- The paper introduces fractional bits quantization, progressively reducing model precision from 32 to 4 bits while maintaining high output fidelity.
- It employs curriculum-learning-inspired optimization that smooths transitions between precision levels to minimize performance degradation.
- The method achieves improved on-device deployment efficiency, evidenced by a 16% reduction in FiD scores compared to state-of-the-art techniques.
 
 
      FraQAT: Quantization Aware Training with Fractional Bits
Introduction
The paper "FraQAT: Quantization Aware Training with Fractional bits" presents an innovative approach to Quantization Aware Training (QAT) by integrating fractional bits in the quantization process. The proposed method is designed to enhance the deployment efficiency of large generative models on resource-constrained devices, such as smartphones. Generative models have achieved remarkable capabilities in tasks like image synthesis and text generation, driven by increasingly large model sizes, which present significant challenges in terms of computational resources and deployment latency. Quantization is a well-established technique to address these constraints by reducing the precision of model parameters, thereby enabling more efficient computations.
Methodology
FraQAT introduces fractional bits quantization, a novel approach that combines the concepts of progressive precision reduction and exploitation of fractional bits during optimization. The core idea is to transition models from high precision (32-bits) to lower precision (4-bits) while utilizing fractional bits to maintain high quality. This approach is inspired by Curriculum Learning, wherein the complexity of the task is gradually increased during training. The methodology is structured around two main components:
- Progressive Precision Reduction: Gradually lowering model parameters' precision from 32 to 4 bits, fine-tuning each intermediate level of precision to ensure stability and retention of model quality.
- Fractional Bits Optimization: Leveraging fractional bits to smooth transitions and maintain output fidelity during training, thereby minimizing performance degradation.
The algorithm follows a schedule that moves through intermediate fractional precision levels, thus facilitating more refined optimization paths and reducing outliers, which are known to disrupt low-precision quantization processes.
Implementation
The implementation of FraQAT involves quantizing linear layers, given their substantial contribution to the parameter count in large models.

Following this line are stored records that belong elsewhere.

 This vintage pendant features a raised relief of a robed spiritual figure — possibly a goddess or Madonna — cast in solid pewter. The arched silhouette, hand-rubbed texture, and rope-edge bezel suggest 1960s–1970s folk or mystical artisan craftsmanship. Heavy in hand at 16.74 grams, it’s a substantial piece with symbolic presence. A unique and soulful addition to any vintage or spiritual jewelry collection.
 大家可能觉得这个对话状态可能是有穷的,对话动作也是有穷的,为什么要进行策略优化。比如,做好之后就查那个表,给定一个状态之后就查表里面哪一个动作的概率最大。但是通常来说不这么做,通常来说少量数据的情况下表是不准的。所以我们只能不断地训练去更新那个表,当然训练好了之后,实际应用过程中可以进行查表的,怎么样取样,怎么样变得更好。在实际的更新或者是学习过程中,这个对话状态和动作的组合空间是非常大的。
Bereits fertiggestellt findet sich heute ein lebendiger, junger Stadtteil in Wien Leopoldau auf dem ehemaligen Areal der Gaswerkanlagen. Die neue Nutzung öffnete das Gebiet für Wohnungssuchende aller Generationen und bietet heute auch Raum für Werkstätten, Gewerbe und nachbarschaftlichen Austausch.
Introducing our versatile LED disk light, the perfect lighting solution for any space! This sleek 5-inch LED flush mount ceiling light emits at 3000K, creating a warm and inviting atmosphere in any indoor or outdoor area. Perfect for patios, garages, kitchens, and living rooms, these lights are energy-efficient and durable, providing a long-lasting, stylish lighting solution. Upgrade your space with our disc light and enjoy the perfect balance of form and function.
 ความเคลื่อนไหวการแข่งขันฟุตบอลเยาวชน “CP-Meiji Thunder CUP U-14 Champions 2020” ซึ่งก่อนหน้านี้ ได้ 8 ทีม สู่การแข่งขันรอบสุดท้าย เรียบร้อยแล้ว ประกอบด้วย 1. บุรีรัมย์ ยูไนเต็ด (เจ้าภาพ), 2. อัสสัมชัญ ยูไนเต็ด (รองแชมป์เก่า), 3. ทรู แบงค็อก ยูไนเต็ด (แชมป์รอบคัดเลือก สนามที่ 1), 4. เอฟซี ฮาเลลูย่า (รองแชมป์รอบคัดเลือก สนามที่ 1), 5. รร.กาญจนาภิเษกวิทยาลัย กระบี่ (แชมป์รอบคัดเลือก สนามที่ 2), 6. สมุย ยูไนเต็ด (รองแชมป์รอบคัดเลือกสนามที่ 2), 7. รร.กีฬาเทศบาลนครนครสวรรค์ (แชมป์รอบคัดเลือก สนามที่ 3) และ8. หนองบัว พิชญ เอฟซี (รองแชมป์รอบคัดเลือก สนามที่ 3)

The process begins with a pre-trained high precision model and follows an optimization schedule that progressively decreases precision while using knowledge distillation to guide the student model to replicate the teacher model's outputs. By empirically targeting models for deployment under W4A8 quantization, FraQAT demonstrates practicality and effectiveness on devices with low-precision hardware support, such as the Qualcomm SM8750-AB Snapdragon 8 Elite Hexagon Tensor Processor.





 
Figure 1: FraQAT is a Quantization aware Training (QAT) technique granting generative models high fidelity at a reduced training time.
Quantitative and Qualitative Results
The evaluation of FraQAT across several text-to-image models highlights its efficacy in preserving image quality while substantially reducing computational requirements. Notably, FraQAT achieves superior performance compared to existing QAT techniques, demonstrating 16% lower FiD scores than state-of-the-art methods.



















 
Figure 2: FraQAT compared qualitatively with SVDQuant and vanilla QAT demonstrates closer similarities to original model outputs across examined cases.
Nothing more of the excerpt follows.